→ What is being asked
Once the images are set aside, print the remaining lines below exactly.

→ Dataset content
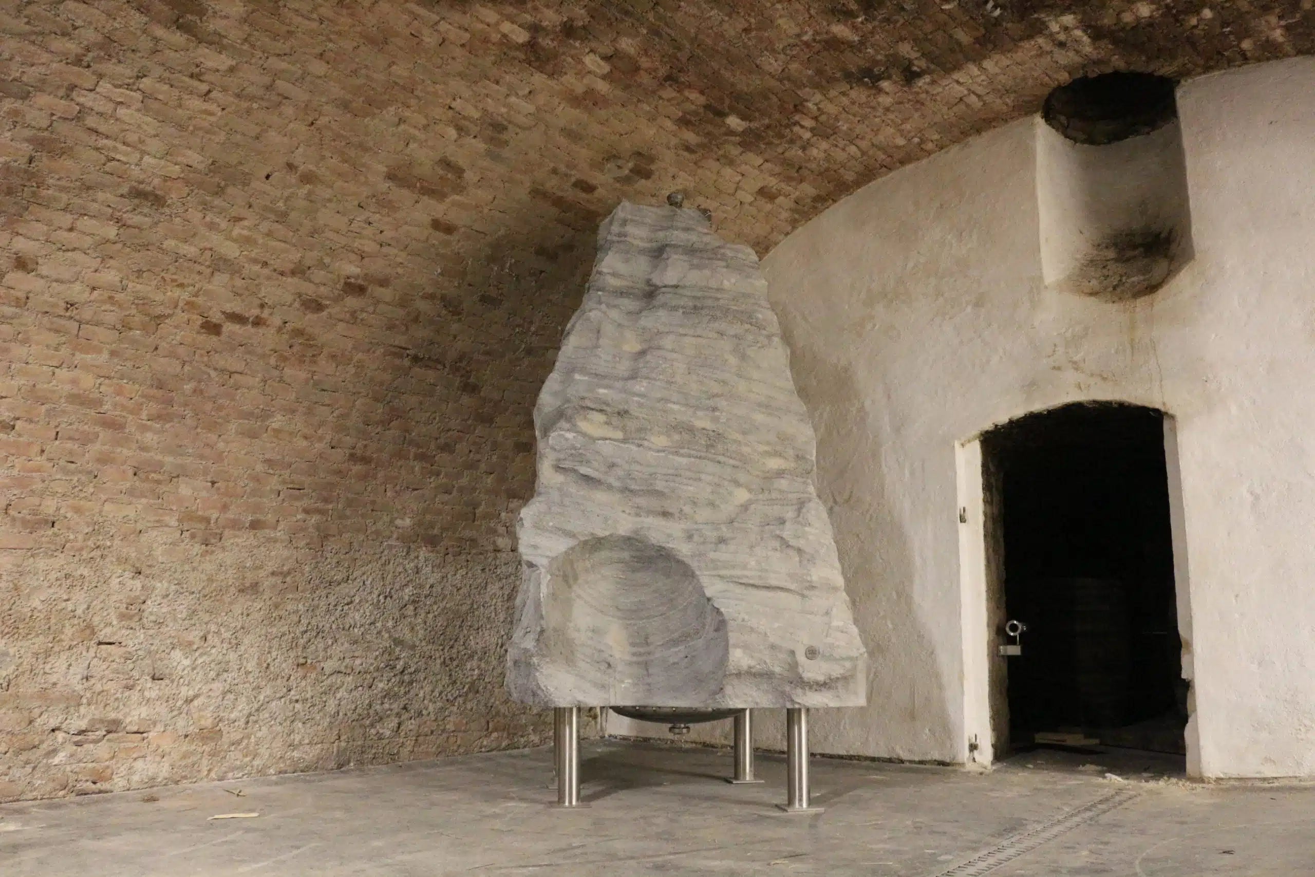 Carved in the Wachau itself, the marble rock has a rare "glacial sheen" created over millions of years. The finished container weighs 4.5 tons, is 270 cm high and has a volume of approximately 700 liters. Its polished interior remains untreated, which ensures direct contact between the marble and the wine, enhancing the wine's purity and its unique mineral expression.
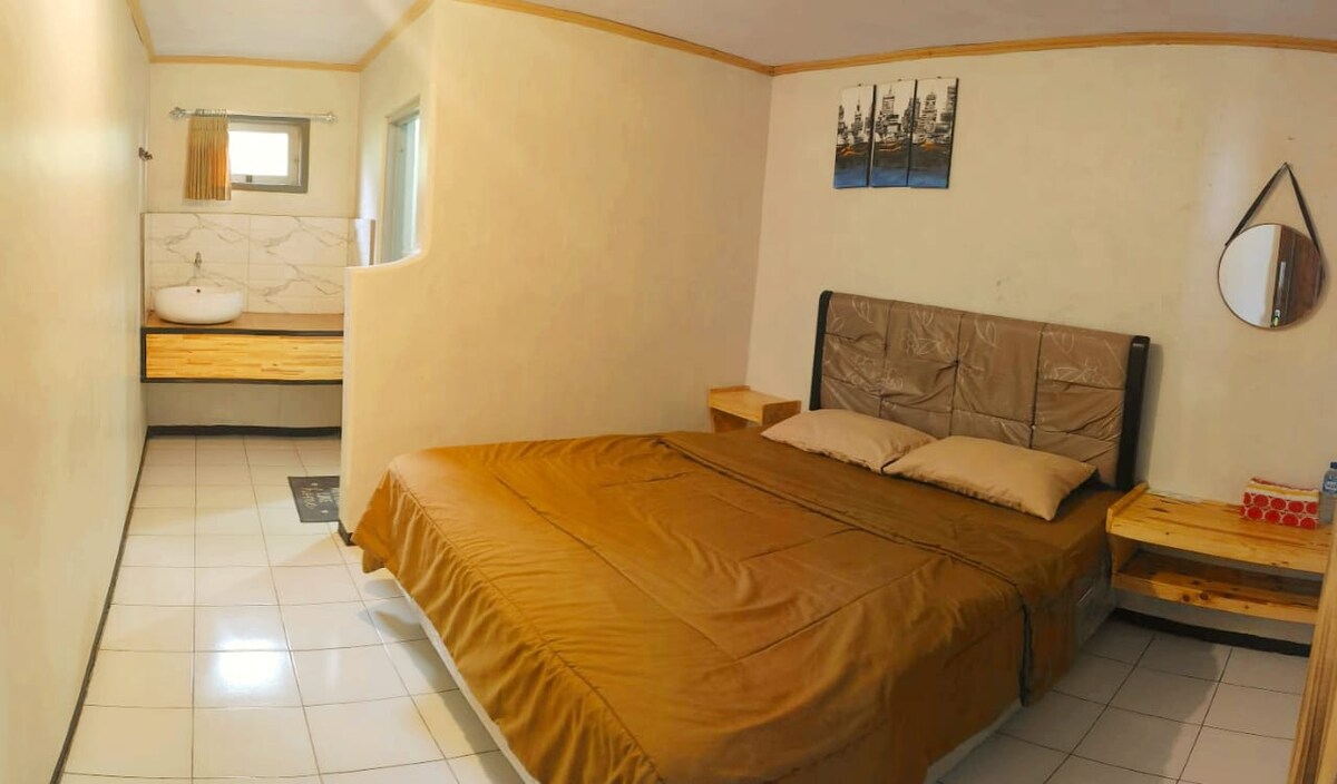 Ein Doppelzimmer für 2 Personen mit eigenem Bad mit heißem Wasser. Dieses Schlafzimmer ist Teil einer Unterkunft, die sich in der Nähe einer öffentlichen Bushaltestelle, Restaurants und einem kleinen Kiosk befindet, der warme Jacken vermietet. Das Eingangstor des Nationalparks Bromo liegt etwa 10 Gehminuten entfernt. Und nur wenige Gehminuten von Seruni Hill entfernt, etwa 45 Minuten, und 90 Minuten zu Fuß vom Mount Bromo entfernt. Wir bieten Mietjeep, Motor Cross, Abholung und Rücktransport, Privatwagen oder Sharing-Jeep
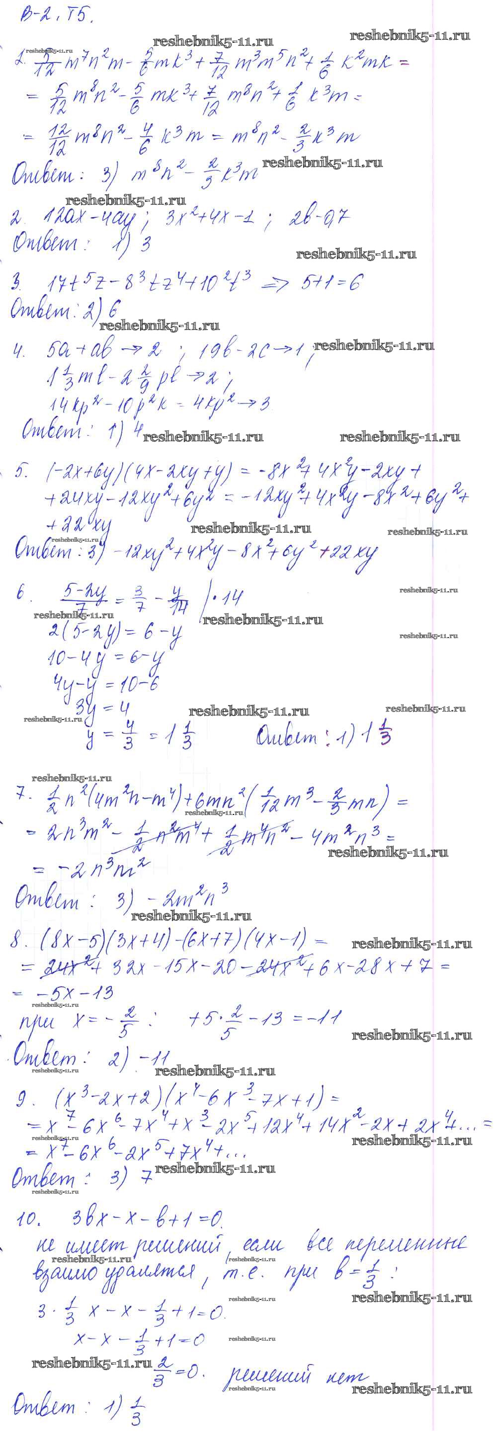 Готовая домашняя работа с ответами по Алгебре за 7 класс Звавич, Дьяконова Дидактические материалы УМК Экзамен 2018 ФГОС - Тест 5 Вариант 2
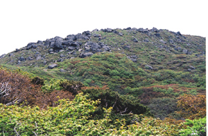 焼石岳山頂近くは岩がゴロゴロの道。あのあたりが九合目の 焼石神社。 ここまでくると、 ようやく他の登山者を ポツリポツリと見かけた。 尿前からの入山の方が 多いのかもしれない。

→ Result for this exercise
 Carved in the Wachau itself, the marble rock has a rare "glacial sheen" created over millions of years. The finished container weighs 4.5 tons, is 270 cm high and has a volume of approximately 700 liters. Its polished interior remains untreated, which ensures direct contact between the marble and the wine, enhancing the wine's purity and its unique mineral expression.
 Ein Doppelzimmer für 2 Personen mit eigenem Bad mit heißem Wasser. Dieses Schlafzimmer ist Teil einer Unterkunft, die sich in der Nähe einer öffentlichen Bushaltestelle, Restaurants und einem kleinen Kiosk befindet, der warme Jacken vermietet. Das Eingangstor des Nationalparks Bromo liegt etwa 10 Gehminuten entfernt. Und nur wenige Gehminuten von Seruni Hill entfernt, etwa 45 Minuten, und 90 Minuten zu Fuß vom Mount Bromo entfernt. Wir bieten Mietjeep, Motor Cross, Abholung und Rücktransport, Privatwagen oder Sharing-Jeep
 Готовая домашняя работа с ответами по Алгебре за 7 класс Звавич, Дьяконова Дидактические материалы УМК Экзамен 2018 ФГОС - Тест 5 Вариант 2
 焼石岳山頂近くは岩がゴロゴロの道。あのあたりが九合目の 焼石神社。 ここまでくると、 ようやく他の登山者を ポツリポツリと見かけた。 尿前からの入山の方が 多いのかもしれない。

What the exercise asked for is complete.